After careful consideration, we chose OceanBase Database as the core database for architecture upgrade, and designed and implemented the new architecture.
Benefits of Applying the OceanBase Database-based HTAP architecture
The following figure shows our new architecture incorporating OceanBase Database. Write traffic is directed to the sharded MySQL clusters. OMS then synchronizes both full and incremental data to MySQL tenants of the downstream OceanBase cluster in real time. Data is verified in the synchronization process.
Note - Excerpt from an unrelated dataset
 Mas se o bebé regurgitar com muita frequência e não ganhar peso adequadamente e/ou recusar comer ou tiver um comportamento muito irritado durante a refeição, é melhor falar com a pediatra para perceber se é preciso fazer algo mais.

Leveraging the HTAP capabilities of OceanBase Database, we can directly use online databases for real-time data analysis to support our marketing decision-making, eliminating the need for T+1 data. We have not only maintained the stability of online core business, but also overcome the business challenges. Later, we will gradually migrate the business traffic to OceanBase Database or, if necessary, roll it back to the MySQL clusters.
Since implementing OceanBase Database, our business system has achieved significant architectural advantages and valuable practical benefits.
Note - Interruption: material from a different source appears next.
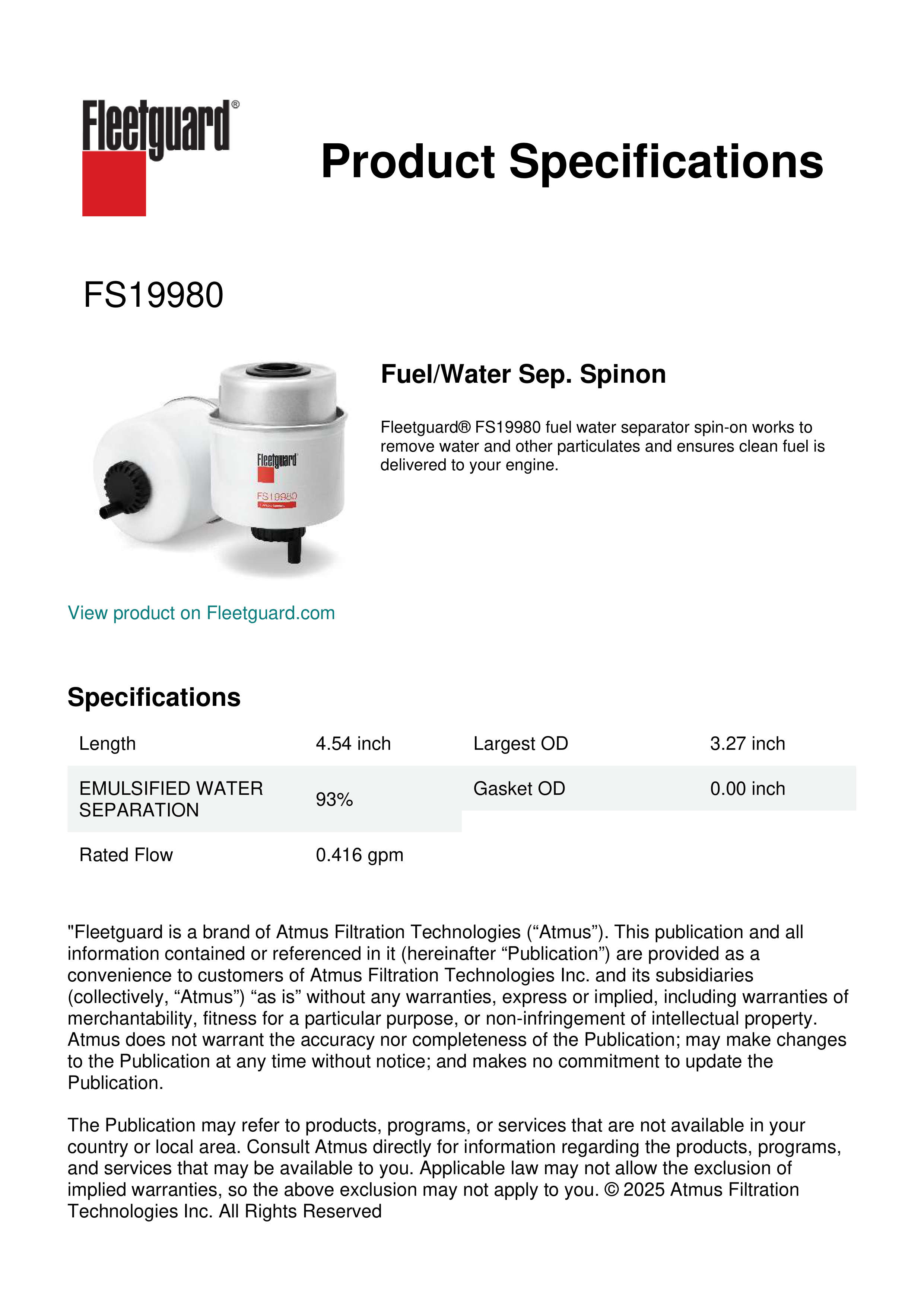 Fleetguard® FS19980 fuel water separator spin-on works to remove water and other particulates and ensures clean fuel is delivered to your engine.Specification

First, we have achieved a greater than 60% reduction in storage costs, a more than four-fold improvement in real-time analysis performance, and a 77.8% reduction in hardware costs compared to our previous MySQL deployment.
Second, OceanBase Database uses a unified engine for both OLTP and OLAP workloads, stably supporting our core business while simultaneously handling real-time analytical requests. The auto DOP feature significantly boosts AP performance. In two data analysis tests that involve complex SQL statements for AP queries on millions of data rows, the response speed was improved by several times. The time consumed was reduced from 4.6 to 0.8 seconds in one test, and from 1.8 to 0.24 seconds in the other test. If you have sufficient resources to support higher performance, you can try the DBLink feature, which supports cross-tenant queries.
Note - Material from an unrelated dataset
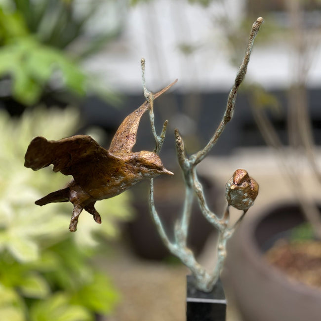 Jonneke Kodde is bekend van haar ranke dynamische vogelsculpturen, maar ook in haar andere beelden is de dynamiek en abstractie karakteristiek weergegeven.

Finally, a comprehensive and convenient ecosystem not only relieves the workload of business and O&M staff, but also saves O&M and development costs.
By the way, let me share with you some experience in using OMS:
- A data synchronization task of OMS handles around 1,000 requests per second (RPS) per concurrent thread. This throughput can be lower if individual records are large, especially if they contain large object (LOB) fields. In general, you need to allocate 1 GB of memory for each concurrent thread. If you allocate insufficient memory for a large number of concurrent threads, the RPS may be significantly reduced due to full garbage collection (GC).
- In most cases, OMS requires 4 CPU cores and 8 GB of memory to create a synchronization link. If the memory usage of a server exceeds 80%, the link creation fails. In this case, you can increase the memory size of the server.
- You can check the RPS metric within the details of a specific data synchronization task of OMS to track the data synchronization speed.
Migration of Core Business to OceanBase Database
We have successfully implemented an OceanBase Database-based solution. Moving forward, we will expand our use of OceanBase Database and invest more efforts in optimizing the solution.
- Try to build a multi-region disaster recovery architecture, ensure data compliance while meeting the data aggregation requirements, and further explore the primary/standby cluster solution of OceanBase Database.
- Gradually migrate the core business traffic from MySQL to OceanBase Database, so that our business will no longer be affected by the vulnerabilities of the sharded architecture. Use the data subscription feature of OMS to transmit data to the data lake, creating a closed-loop data management system.
- Build an integrated data development platform based on ODC to streamline collaboration between developers and DBAs. Investigate the row-level recycle bin feature of OceanBase Database to enhance business stability and data fault tolerance.